** Opening DATA FOR THIS TASK block **

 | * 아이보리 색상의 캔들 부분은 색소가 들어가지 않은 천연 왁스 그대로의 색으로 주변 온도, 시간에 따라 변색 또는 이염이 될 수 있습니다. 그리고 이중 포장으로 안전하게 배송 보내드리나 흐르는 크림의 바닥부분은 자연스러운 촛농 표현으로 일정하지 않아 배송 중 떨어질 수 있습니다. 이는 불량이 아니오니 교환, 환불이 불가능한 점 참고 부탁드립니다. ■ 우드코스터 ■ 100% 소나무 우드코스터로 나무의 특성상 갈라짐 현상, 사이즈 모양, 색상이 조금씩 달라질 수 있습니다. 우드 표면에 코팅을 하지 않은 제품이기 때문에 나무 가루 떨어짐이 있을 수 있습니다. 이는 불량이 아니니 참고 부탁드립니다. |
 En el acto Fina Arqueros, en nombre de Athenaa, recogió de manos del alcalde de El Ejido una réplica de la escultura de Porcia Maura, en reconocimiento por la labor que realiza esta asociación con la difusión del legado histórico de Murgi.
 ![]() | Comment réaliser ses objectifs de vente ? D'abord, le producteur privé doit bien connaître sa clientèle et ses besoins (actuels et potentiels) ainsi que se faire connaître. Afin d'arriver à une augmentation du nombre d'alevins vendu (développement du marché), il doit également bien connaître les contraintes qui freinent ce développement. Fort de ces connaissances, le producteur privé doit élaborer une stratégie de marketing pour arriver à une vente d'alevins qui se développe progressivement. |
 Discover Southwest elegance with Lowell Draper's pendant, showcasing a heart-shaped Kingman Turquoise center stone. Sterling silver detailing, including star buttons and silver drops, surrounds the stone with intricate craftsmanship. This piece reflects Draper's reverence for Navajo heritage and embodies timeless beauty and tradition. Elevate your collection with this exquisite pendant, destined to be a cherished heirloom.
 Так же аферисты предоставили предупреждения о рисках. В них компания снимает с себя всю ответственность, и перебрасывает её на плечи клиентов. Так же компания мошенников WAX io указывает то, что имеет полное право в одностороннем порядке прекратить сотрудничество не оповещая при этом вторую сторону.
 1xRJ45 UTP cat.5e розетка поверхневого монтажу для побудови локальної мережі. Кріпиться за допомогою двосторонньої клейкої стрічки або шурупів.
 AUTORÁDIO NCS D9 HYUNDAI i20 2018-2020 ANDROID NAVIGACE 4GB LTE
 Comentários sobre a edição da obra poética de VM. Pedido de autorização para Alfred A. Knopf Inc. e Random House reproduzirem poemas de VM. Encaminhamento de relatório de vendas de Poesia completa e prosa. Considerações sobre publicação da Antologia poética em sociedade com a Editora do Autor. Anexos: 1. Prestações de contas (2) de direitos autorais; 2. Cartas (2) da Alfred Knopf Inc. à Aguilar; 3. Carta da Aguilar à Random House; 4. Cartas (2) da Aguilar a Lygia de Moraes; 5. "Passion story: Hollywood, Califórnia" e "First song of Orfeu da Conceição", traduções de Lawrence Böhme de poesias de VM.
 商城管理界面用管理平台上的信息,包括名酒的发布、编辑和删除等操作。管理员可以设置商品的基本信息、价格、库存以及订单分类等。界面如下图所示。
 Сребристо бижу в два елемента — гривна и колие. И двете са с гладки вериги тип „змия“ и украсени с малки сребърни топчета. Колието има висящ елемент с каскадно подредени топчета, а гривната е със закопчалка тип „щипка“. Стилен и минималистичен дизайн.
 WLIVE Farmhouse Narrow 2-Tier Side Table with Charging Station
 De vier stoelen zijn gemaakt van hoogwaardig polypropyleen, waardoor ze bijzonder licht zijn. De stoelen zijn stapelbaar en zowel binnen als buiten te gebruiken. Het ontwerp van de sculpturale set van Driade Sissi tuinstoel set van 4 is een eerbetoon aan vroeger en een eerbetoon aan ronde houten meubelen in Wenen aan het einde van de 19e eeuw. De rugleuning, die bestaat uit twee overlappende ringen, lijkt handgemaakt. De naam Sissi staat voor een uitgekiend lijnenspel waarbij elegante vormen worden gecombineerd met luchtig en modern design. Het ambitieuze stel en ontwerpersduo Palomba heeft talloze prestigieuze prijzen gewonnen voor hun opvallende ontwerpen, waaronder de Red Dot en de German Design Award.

** Closing DATA FOR THIS TASK block **

* [ACTIVITY]: Would you please reproduce the records above exactly, only from their first line through the line holding "En el acto Fina", with both ends included?

* [YOUR RESPONSE]:
 | * 아이보리 색상의 캔들 부분은 색소가 들어가지 않은 천연 왁스 그대로의 색으로 주변 온도, 시간에 따라 변색 또는 이염이 될 수 있습니다. 그리고 이중 포장으로 안전하게 배송 보내드리나 흐르는 크림의 바닥부분은 자연스러운 촛농 표현으로 일정하지 않아 배송 중 떨어질 수 있습니다. 이는 불량이 아니오니 교환, 환불이 불가능한 점 참고 부탁드립니다. ■ 우드코스터 ■ 100% 소나무 우드코스터로 나무의 특성상 갈라짐 현상, 사이즈 모양, 색상이 조금씩 달라질 수 있습니다. 우드 표면에 코팅을 하지 않은 제품이기 때문에 나무 가루 떨어짐이 있을 수 있습니다. 이는 불량이 아니니 참고 부탁드립니다. |
 En el acto Fina Arqueros, en nombre de Athenaa, recogió de manos del alcalde de El Ejido una réplica de la escultura de Porcia Maura, en reconocimiento por la labor que realiza esta asociación con la difusión del legado histórico de Murgi.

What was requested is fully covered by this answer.